If it seems like I have been talking about sex, and/or the lack thereof, it is because I have.  I am a sexual person.  I didnt know it then but if I knew what sexual desires were I would have known something was up when I was 7 and had fuzzy feelings deep in the pit of my stomach every time I saw the Black Ranger on Power Rangers.  Or every time Urkel turned into Stephan on Family Matters.  I didnt know then but if I had known I would have.
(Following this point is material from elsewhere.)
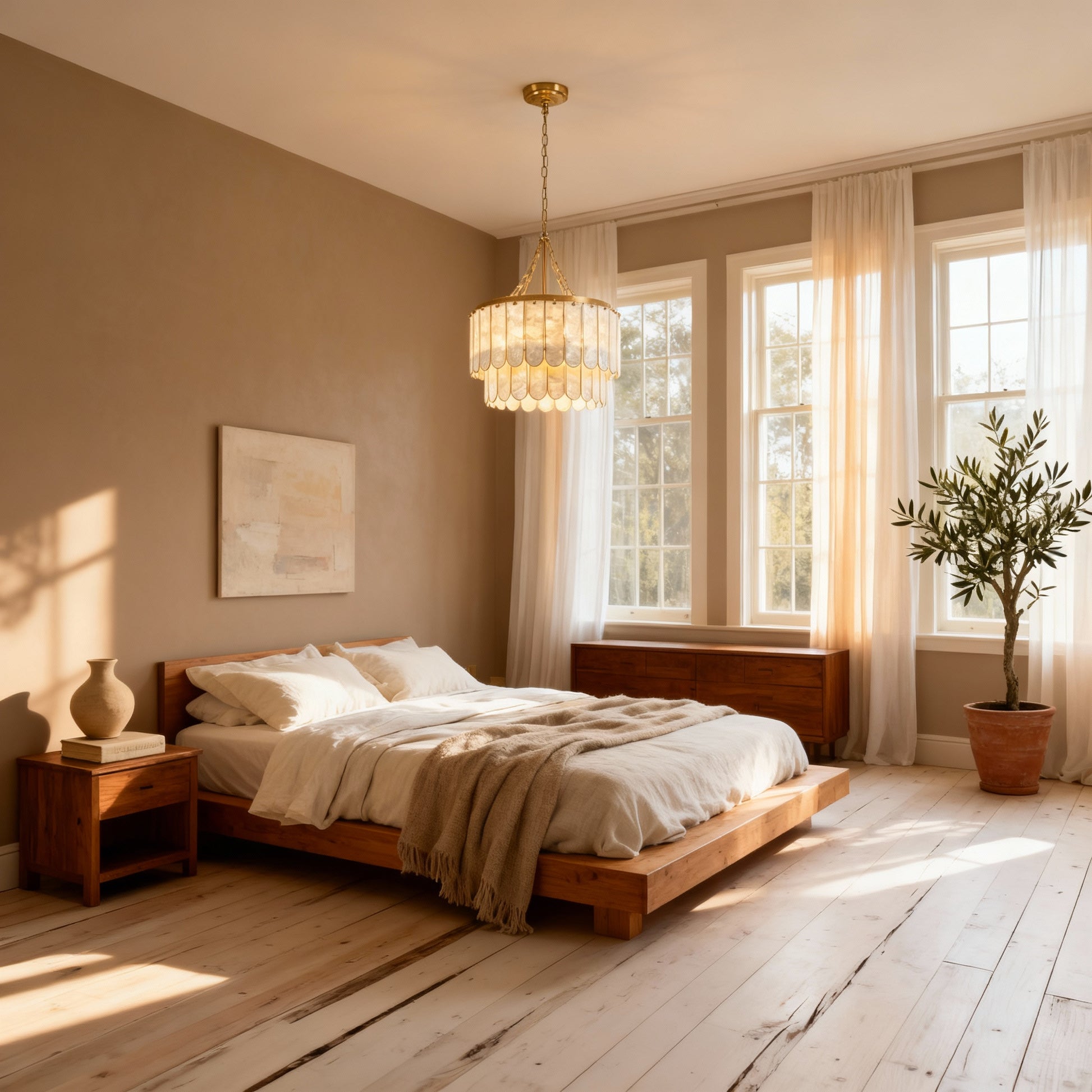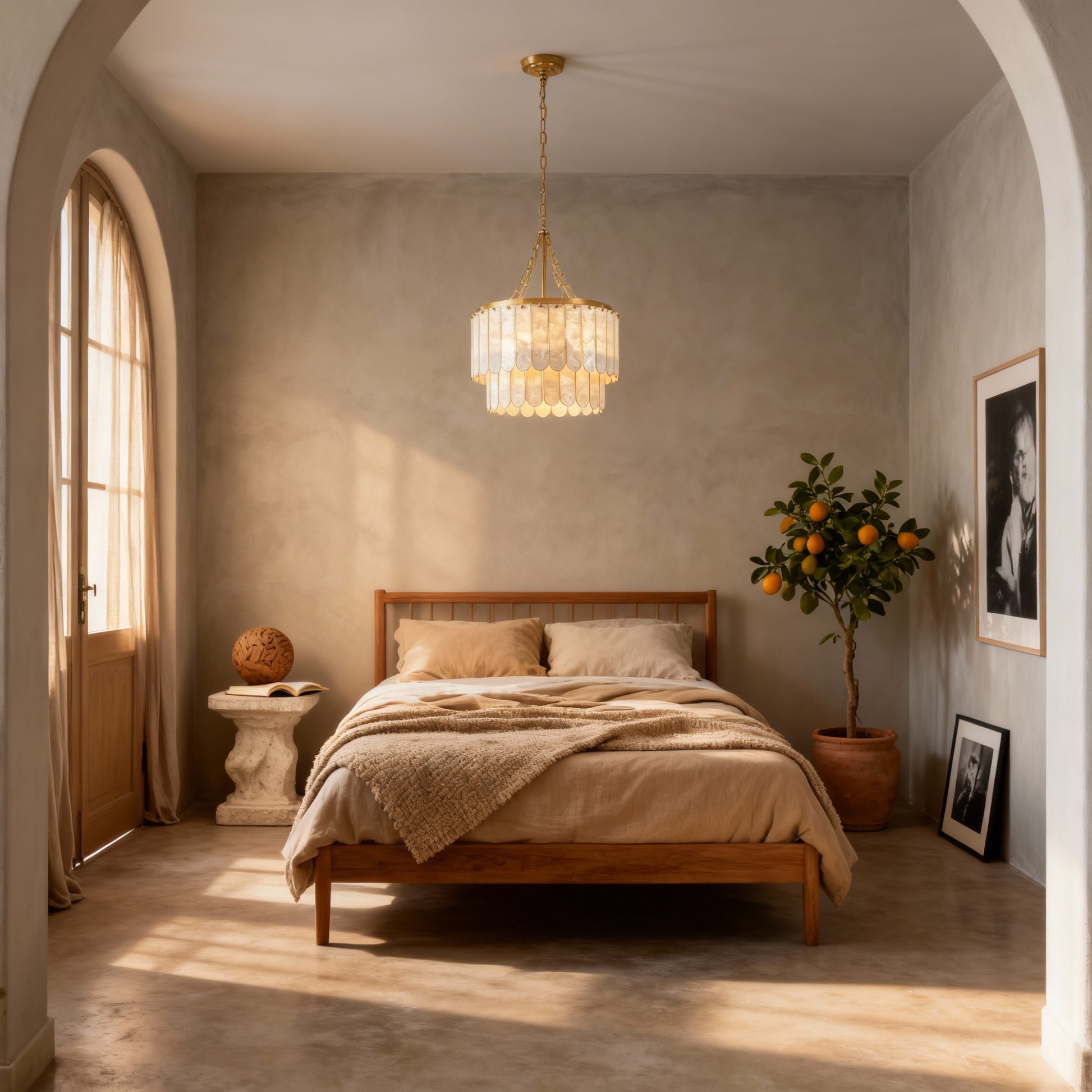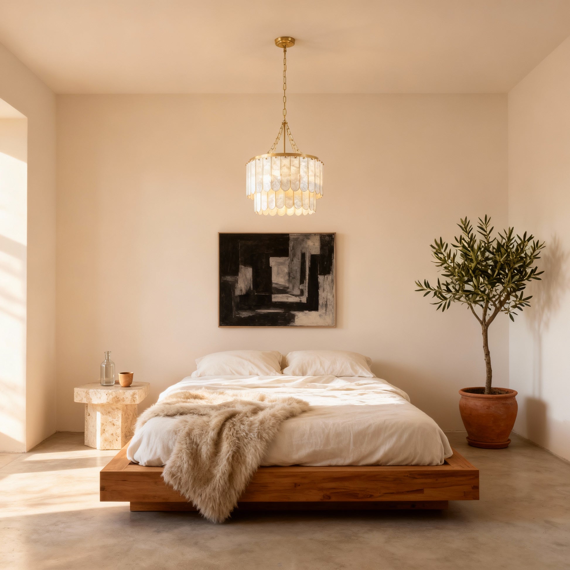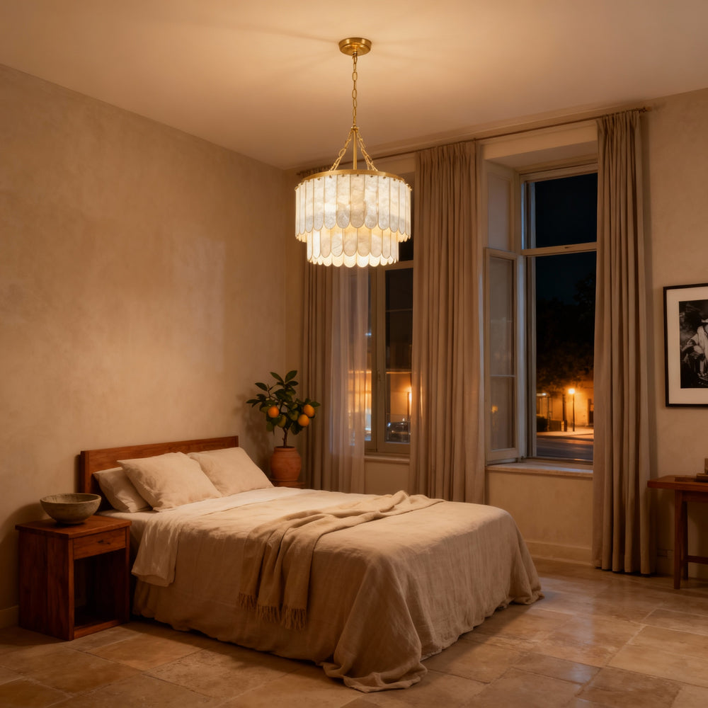 Nyra’s layered capiz panels diffuse light with natural softness, creating a warm, floating presence that enhances modern living and dining areas. Its metal frame provides clean structure while the translucent shell textures bring depth and a subtle handcrafted character to the space.

So now here I am, almost 23 years old and I am trying really hard to be celibate. No.  Actually Im not trying really hard at all.  Im not trying to not have sex.  Im just not doing it.  I have not met a man yet within a 30 mile radius that makes me want to have sex.  Shoot, I havent met a man in a 30 mile radius that makes me want to shave my legs.  I havent had the urge to kiss or touch or anything anyone.  And its not that Im not trying.  In the span of 3 days I went on 3 separate dates with 3 different guys.  And each time…nothing.  It was nice to be out of the house and talking to someone.  The company was decent but  that’s about it.  I was almost starting to think it was me.

And then last night I spoke to my “ex” (ex in quotations because we were never officially together but he might as well have been).  When we were at our height, he was the love of my life/the thorn in my side/my affliction/my cure all in the span of a week.  He knew me so well that it scared me because he would tell me things that I only let myself think about at 2 am on a moonless night.  He knew me like that.  Still does.  But he used that knowledge to his advantage and played on all the insecurities that I laid so bare.  He was an asshole and I loved him and hated him for it.

Its been over a year since we were serious and now that time has passed we have reached an understanding.  We are at a place where we have both grown and we recognize that but we both know each other’s boundaries and tells so we are very comfortable.  Too comfortable.  Because we have a connection that wont release us.  We had some of the best conversations I ever had in my life and we had some of the best sex I ever had in my life and yes those two things are very much related.

This connection is so strong that when we talk and get past all the pleasantries and we get into the meat of whatever we are talking about, whether its politics or our plans for the future or whatever, I start playing in my hair and my skin gets hot and my thighs start to rub together.  And he says whenever you call me my heart beats fast. Mind you, he is in Maryland and I am in North Carolina but without fail it happens.  Every. Single. Time.

We laugh and say that we are meant to be each others life long mistresses. I roll my eyes but deep deep deep deep way deep down I know that he means it. And it scares me because maybe I mean it too.  Because we have an addiction for one another.  When we would visit each other we could barely leave the house.  Looking back on it, its funny but its not. Because I know that that feeling didnt die when we ended our relationship.

But what does all of this have to do with celibacy.  I dont know. Maybe I just wanted to talk about sex.  But I guess Im saying that I want a man who challenges my celibacy.  Not in the literal sense that he tries to manipulate me into doing something I dont want to do.  But someone that has it so together and stimulates my mind and stirs my soul so much that I want to give him my body.  I want an even deeper passion with someone that is truly ready for it.  Someone that makes me want to give up this whole celibacy thing but loves and respects me enough to tell me “No. Let’s wait”.  Yeah, that’s what I want.